Dating Don’ts: Assorted Lessons & Observations From Watching “Dating Naked”

“Dating Naked” is a show on VH1 in which complete strangers gather at a resort somewhere tropical and mosquito-ridden and go on carefully staged dates with strangers, completely naked. It may sound like a ratings gamble, another entree in the already overrun category of dating shows, but the thing about it is that it’s actually brilliant. Sure, part of the entertainment is watching the kind of people that audition for shows of this nature — if you’re a connoisseur of dating shows like the brilliant “Next” on MTV or any and all iterations of “The Bachelor,” you’ll understand immediately that the casting directors pick the most ridiculous, crazy and slightly desperate people with a complete lack of self-awareness, because that makes the best television. This is definitely true of this show, but the fact that they are legitimately and truly naked as the day they were born ups the ante. I watched the show on the suggestion of many people whose opinion I valued, and let me tell you, I was not disappointed. Watching strangers who have  just met climb into a human hamster ball and bob in the waves on a tropical beach while completely naked is something that I don’t think will ever get old.

I though that I’d learn nothing from this show, that it would be just mindless entertainment, but I was pleasantly surprised. It turns out that reality television isn’t necessarily the place where human intellect goes to die. Here are a few assorted lessons and observations from “Dating Naked.”

If there were as many high-fives on actual dates as there are on this show, no one would ever find love.

Did someone successfully waterski for about five seconds? High five! Did you just meet someone for the first time and you’re doing everything you can to not stare at their penis resting against their thigh, because they’re naked? High-five! I imagine a high-five is a much more welcome and less invasive form of physical contact when you’re completely naked, though I did see some attempts at awkward side-hugs. In real life, any high-five on a date would be an automatic dealbreaker, because we’re on a date, not sliding home after swinging for the fences at your corporate softball game.

Body language actually speaks louder than words. 

When you’re dating clothed, body language is important, but there are so many other things to pay attention to. Remove the clothes, and body language becomes the most important thing, almost more so than the actual words that might be coming out of your mouth. Being naked is well, naked. It’s revealing, and pretty much everything you do is laid bare. A gentle touch on the forearm mid-conversation feels that much more loaded when neither one of you is dressed. Also, boners speak for themselves.

A bad, weird date, is a bad, weird date regardless of your state of undress.

You could be sitting in front of the hottest, most beautiful specimen of humanity whose naked body is gleaming with the sheen of sweat from your tropical surroundings, but if that person is also an idiot, the date still isn’t going to go well. Physical attraction can only go so far, so if the spark isn’t there intellectually, then it’s going to be like pulling teeth, regardless if he’s wearing a three piece suit or a pair of Tevas and a smile.

When you’re naked from the jump, douchebags and mean girls will show their true colors. 

The thing about meeting someone completely naked is that the part of dating that’s the most nerve-wracking is taken care of from the start.

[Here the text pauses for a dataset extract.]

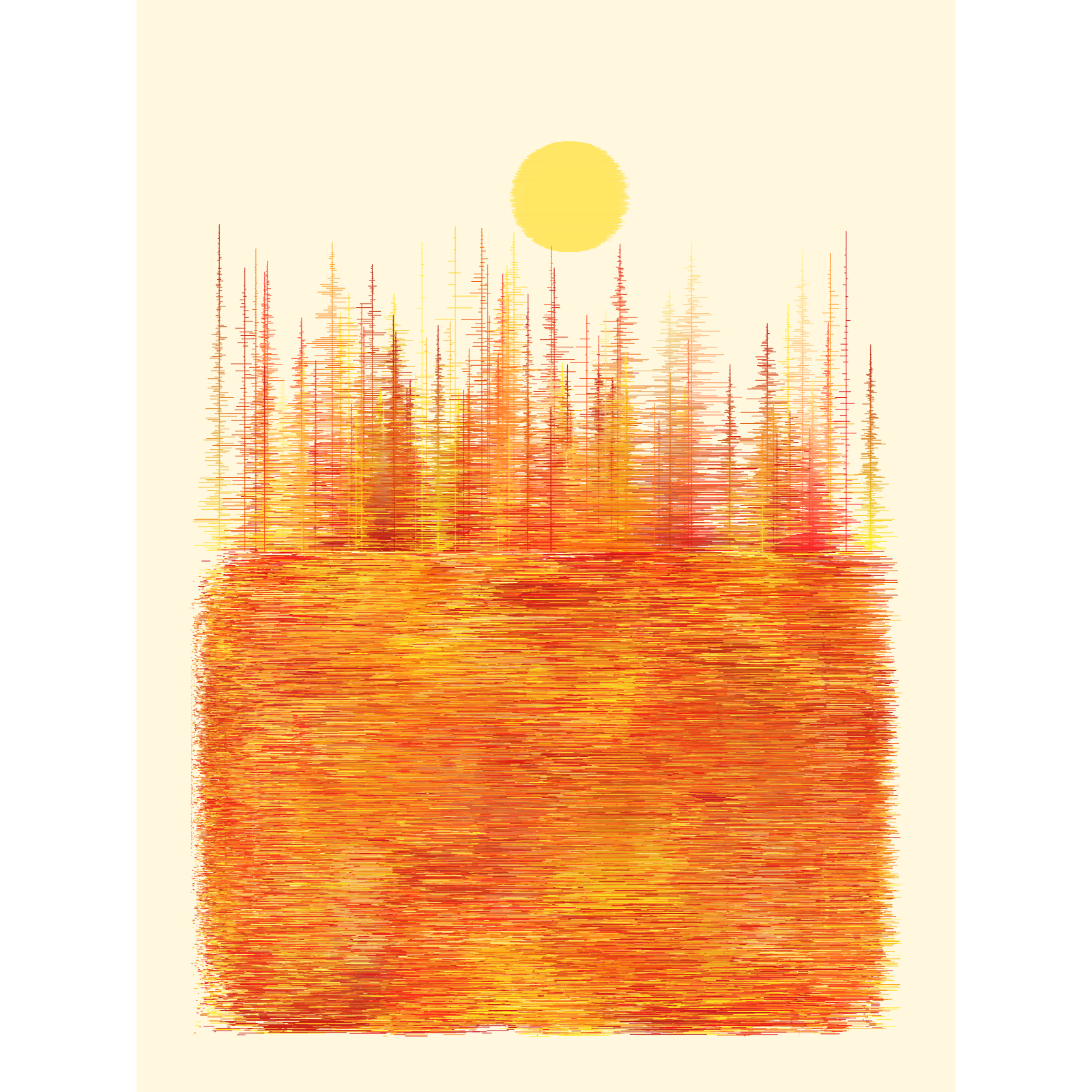 Gradient Lake generates an image with thin lines of color gradients. The thin lines are grouped to form multicolor trees as well as a lake that lay before them. Depending on the number of trees generated and their size, the forest near the lake may look sparse and desolate or dense and deep. In either case, the sun behind the trees shines its light onto the lake illuminating the colors within it as well as the reflected colors of the trees. With several colorways and randomization of each feature, there are many possibilities that will allow for each image to be unique.

Instead of the three to four date lead up to the big moment when you finally undress in the dark after a couple of drinks and get to boning, the big reveal happens at the beginning. If someone’s going to be a shallow douchebag, this is when it happens. Physical attraction is really important, and sometimes, you can’t really figure out just how attracted you are to someone until you see them without all of their clothes on.

Change your dating routine for mostly positive and definitely interesting results. 

Dating naked isn’t feasible in real life, because it’s illegal and creepy and would lead to a lot of very uncomfortable situations very quickly, but take the soul of the show to heart. If you’ve been stuck in a weird dating rut, cycling through the same shrinking list of dudes on OKCupid or half-heartedly swiping right on Tinder to anyone that seems decent, switch it up. Take some risks! Agree to be set up on a date, even though that idea might terrify you to your very core. Let your Aunt Cheryl’s accountant’s son take you out for a drink. Swallow your pride and go to some weird speed-dating thing. Approach a cute stranger at the dog park. Ask out your longtime crush. Or, stop dating entirely. Your call. If you’ve been doing things the same way and yielding little to no positive results, try something else, and see how it goes.

Dating naked would leave nothing to hide — and that might be a good thing. 

Meeting someone in the buff lets you see every single thing that so many people would try and hide. That tramp stamp of two dolphins leaping to form a heart. That weird thing underneath your left tit that you think might be a vestigial third nipple. The constellation of moles on your shoulder that you have a love-hate relationship with. Long labia. Whether these are good or bad, they are a part of you and they’re out there from the beginning, which forces you to find the confidence you might not have had to wear these parts of you with pride. More confidence and less self-doubt are all very, very good things for a healthy and positive dating life. This is the best lesson of all.